Teza once electrified the people of Burma with his protest songs against the dictatorship. Arrested by the Burmese secret police in the days of mass protest, he is seven years into a twenty-year sentence in solitary confinement. Cut off from his family and contact with other prisoners, he applies his acute intelligence, Buddhist patience, and humor to find meaning in the interminable days, and searches for news in every being and object that is grudgingly allowed into his cell.
Despite his isolation, Teza has a profound influence on the people around him. His very existence challenges the brutal authority of the jailers, and his steadfast spirit inspires radical change.

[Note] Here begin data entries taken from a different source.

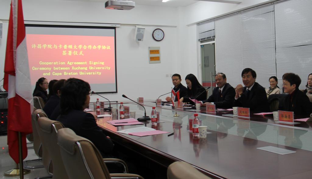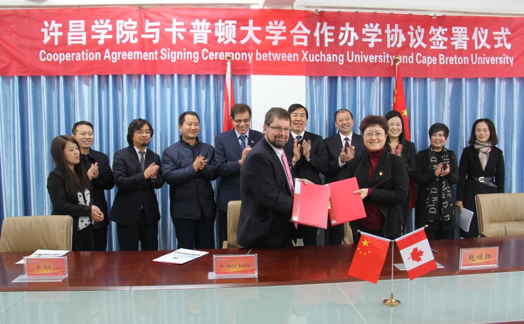 党委书记陈建国代表许昌学院致辞,表示卡普顿大学,作为加拿大一所知名高校,和中国教育界有着广泛的合作关系,在我校的发展过程中,能够与该校成为合作伙伴,感到十分荣幸,同时也衷心的希望许昌学院和卡普顿大学进一步加强联系,扩大交流,增进了解,精诚合作,共谋双赢。随后,院长赵继红、卡普顿大学校长戴尔· 基夫博士代表双方学校就“财务管理”、“人力资源”、“化学工程与工艺”专业签署了合作办学协议。该协议的签订为我校申报2017年教育部中外合作办学项目迈出了坚实的一步,更为我校切实引进优质教育资源,加速我校相应学科的专业改造,深化我校“国际化”办学理念打下了坚实的基础。
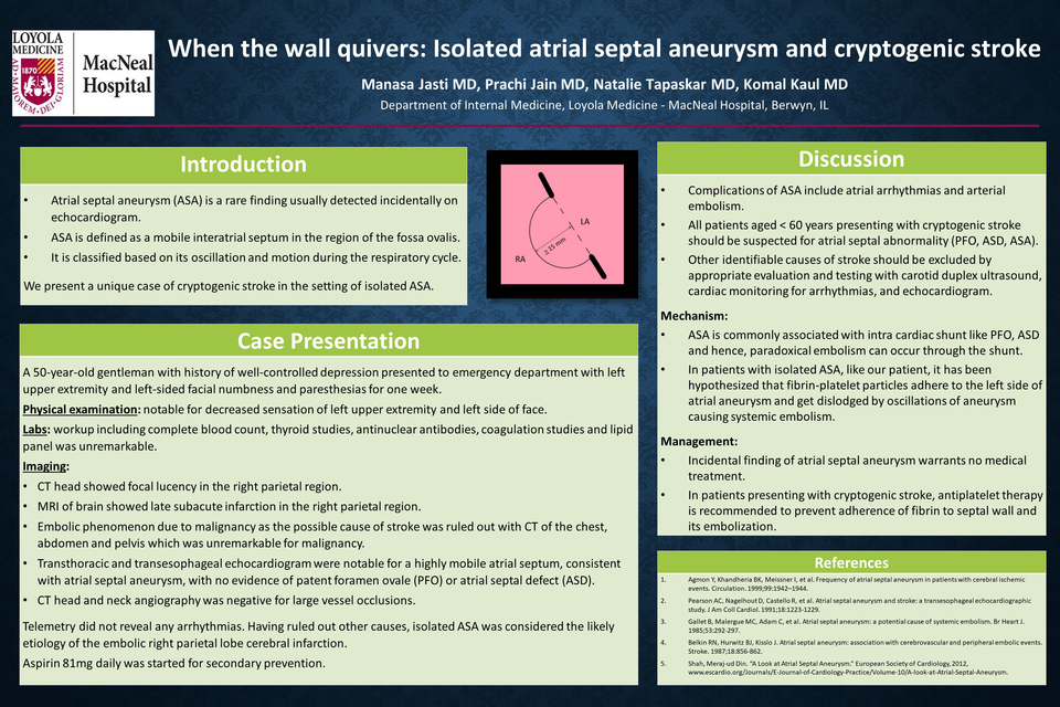Case Description: A 50-year-old gentleman with history of well-controlled depression presented to emergency department with left upper extremity and left-sided facial numbness and paresthesias for one week. Physical examination was notable for decreased sensation of left-sided face and left upper extremity. Workup including complete blood count, thyroid studies, antinuclear antibodies, coagulation studies and lipid panel was unremarkable. CT head showed focal lucency in the right parietal region. MRI of brain showed late subacute infarction in the right parietal region. Transthoracic and transesophageal echocardiogram were notable for a highly mobile atrial septum, consistent with atrial septal aneurysm, with no evidence of intra-cardiac shunt. CT head and neck angiography was negative for large vessel occlusions. Telemetry did not reveal any arrhythmias. Having ruled out other causes, isolated ASA was considered the likely etiology of the embolic stroke. Aspirin 81mg daily was started for secondary prevention.
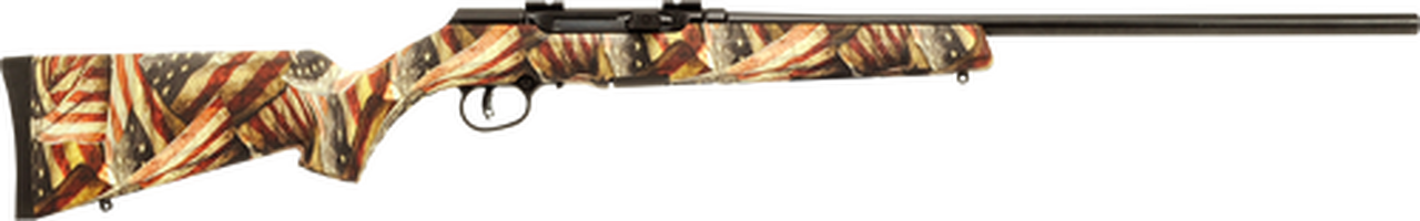 Savage A17 .17 HMR, 22″ Barrel, American Flag Synthetic Stock, Black, 10rd
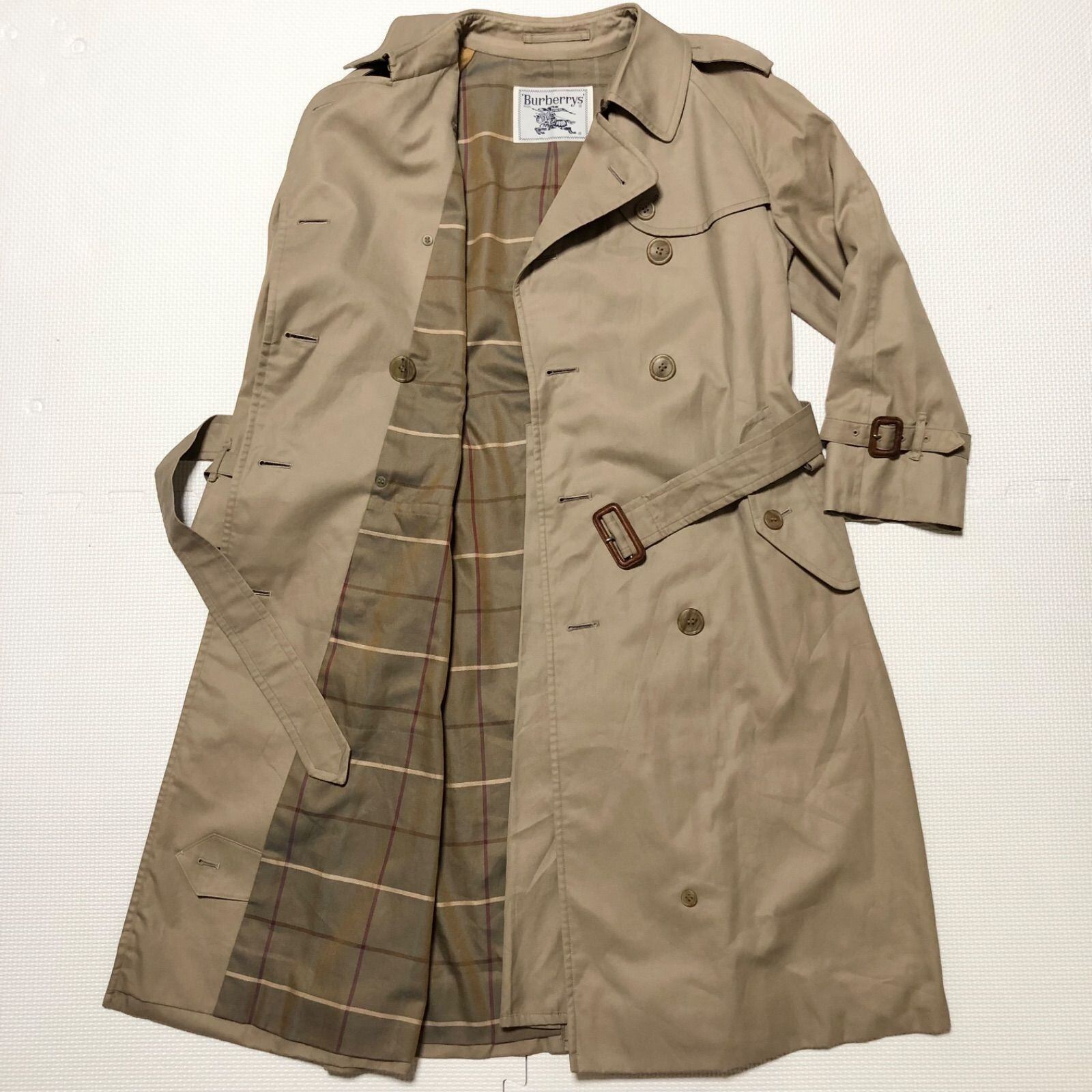 ■極美品■Burberrys バーバリー ダブルトレンチコート ロングコート ベルト ベルテッド ベージュ系×裏地チェック総柄 size11AB(サイズM相当 表記 B85 H95 T160) 三陽商会 コットン100% レディース
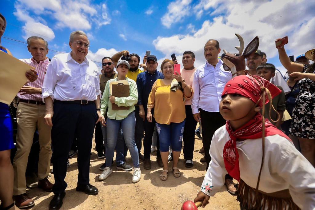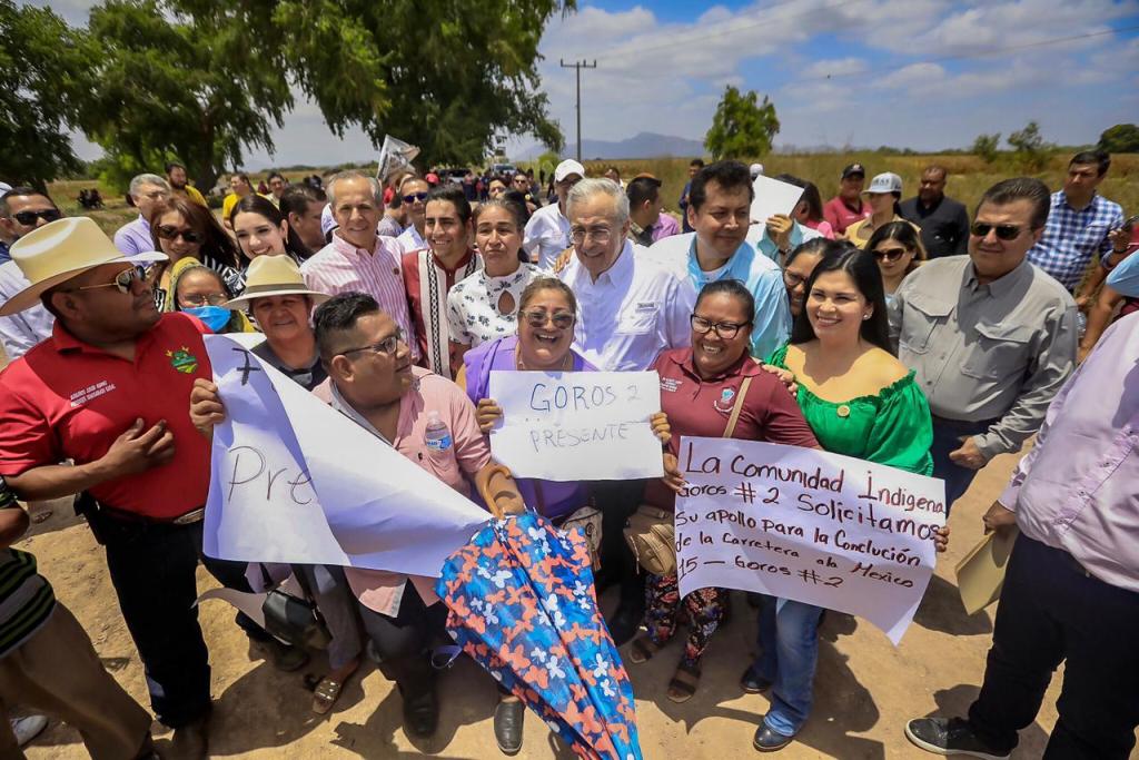 Ejido Vallejo, Ahome, Sinaloa, a junio de 2023.- Como parte de una intensa jornada de trabajo, el gobernador Rubén Rocha Moya visitó el municipio de Ahome, para inaugurar un amplio paquete de obras sociales tanto en la ciudad de Los Mochis, como en distintas comunidades, principalmente dos obras muy sentidas, como fue la carretera al ejido Plan de Guadalupe, que era una petición desde hace 53 años, y la carretera de Bagojo Colectivo a Vallejo, esta comunidad indígena yoreme, y que en total representaron una inversión de 167 millones de pesos.
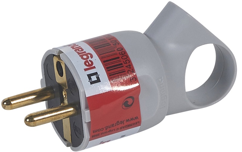 Вилка электрическая с заземлением прямая с кольцом Legrand Helium 16А серый

Even when Teza’s criminal server tries to compromise the singer for his own gain, Teza befriends him and risks falling into the trap of forbidden conversation, food, and the most dangerous contraband of all: paper and pen.

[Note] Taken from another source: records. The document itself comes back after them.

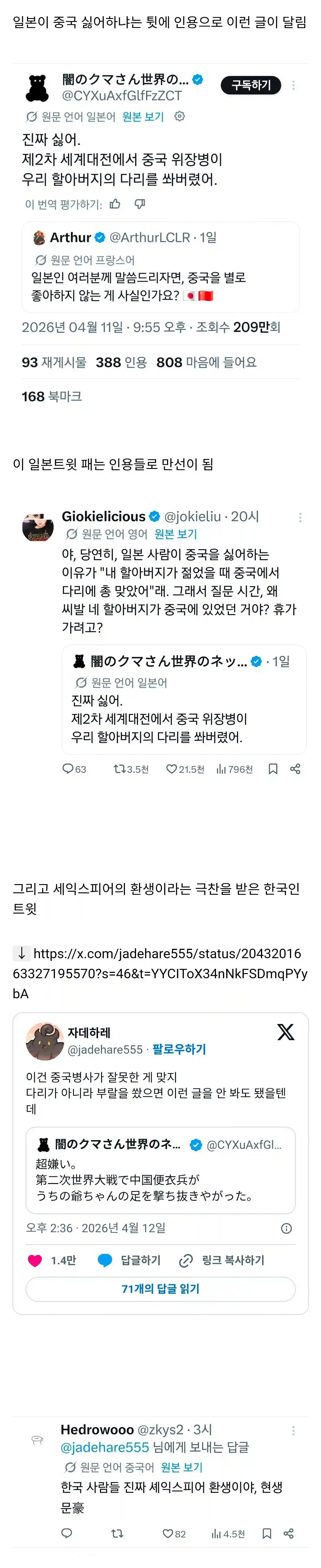 피해자 코스하는 일본인 대차게 패는 트위터 바벨탑
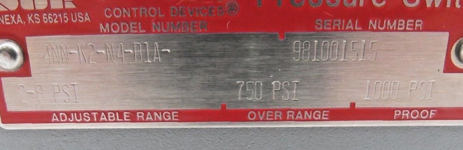 NEW SOR 4NN-K2-N4-BIA PRESSURE SWITCH 4NNK2N4BIANEW, NO BOX
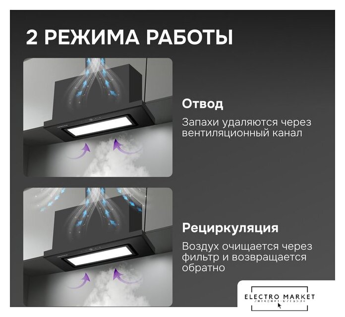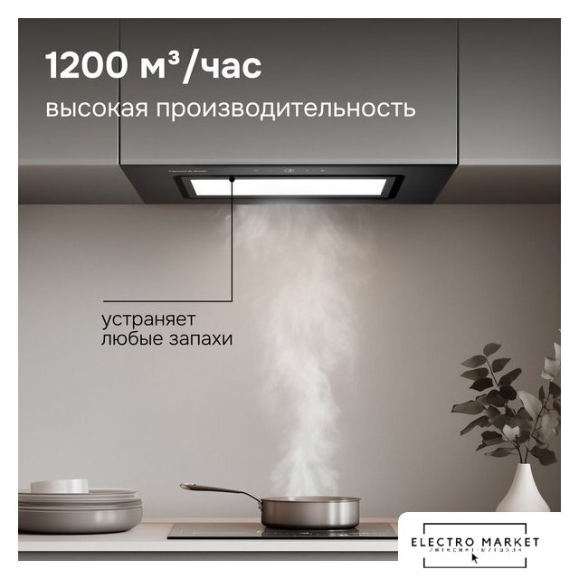 конструкция наклонная, монтаж настенный, ширина 60 см, управление сенсорное, производительность мотора 1260 м³/ч, цвет черный
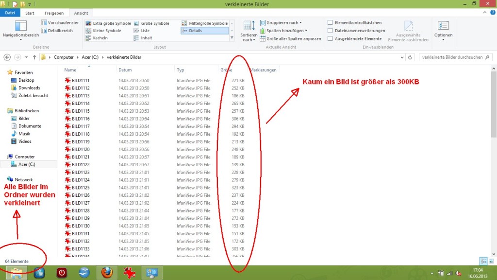 Also nochmal: Es gibt Irfanview und damit kann man hunderte Bilder auf einmal verkleinern und zwar nur mit zwei Klicks(âaddallâ und dann âStart batchâ) sobald man einmal alle Einstellungen vorgenommen hat.
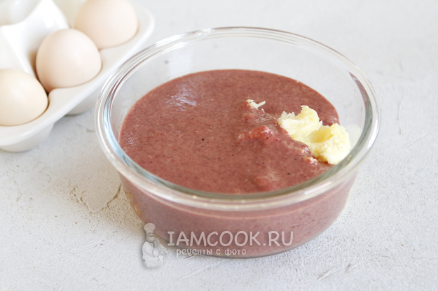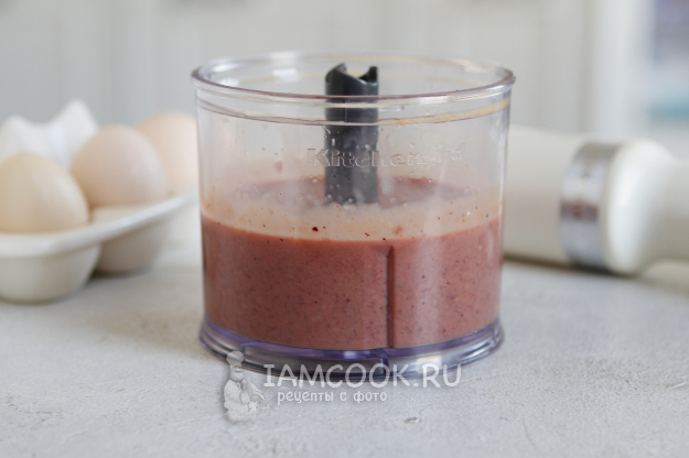 На максимальной скорости работы вашего блендера измельчите куриную печенку. Я бы на этом этапе посоветовала полученную массу протереть через сито. Я не протирала, и это было моим упущением. В процессе поедания готовой запеканки, мне попалось несколько непережевываемых кусочков, прожилок. И это даже несмотря на то, что я ее, на мой взгляд, хорошо зачистила.
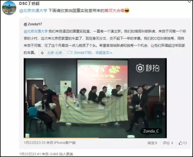 2018年1月23日,北京某大學國重實驗室的新年晚會

Yet, it is through Teza’s relationship with Little Brother, a twelve-year-old orphan who’s grown up inside the walls, that we ultimately come to understand the importance of hope and human connection in the midst of injustice and violence. Teza and the boy are prisoners of different orders: only one of them dreams of escape and only one of them will achieve it—their extraordinary friendship frees both of them in utterly surprising ways.
PUBLISHERS WEEKLY
Connelly won the Governor General's Award for Nonfiction with Dream of a Thousand Lives: A Sojourn in Thailand, and her debut novel revisits Southeast Asia to soulful effect. Imprisoned in a mid-'90s Rangoon gulag, dissident singer/songwriter Teza stalks and eats the acrobatic lizards that venture across his cell's ceiling at sundown. Senior jailer Nyunt Wai Oo angles for a promotion by scheming to plant contraband writing materials inside the celebrated Teza's cage. The plot backfires when Teza inadvertently passes the proscribed ballpoint to the illiterate, resourceful serving boy, Nyi Lay, who hoards the pen for dear life. As the entire prison is shaken down and Teza and Nyi Lay are tortured nearly to death, a bond of brotherhood develops between the lowly Nyi Lay and Teza. The gangster inmate on the ward, Tan-see Tiger, who oversees an in-house smuggling operation, completes the triangle; he and Teza realize that the only measure of liberation left to them lies in making sure Nyi Lay leaves the prison camp alive. A brutal expos with harrowing descriptions of prison life and heavily spiritual overtones, Connelly's novel combines a thrillerlike pace with finely etched portraits that show how each character takes control of his own freedom.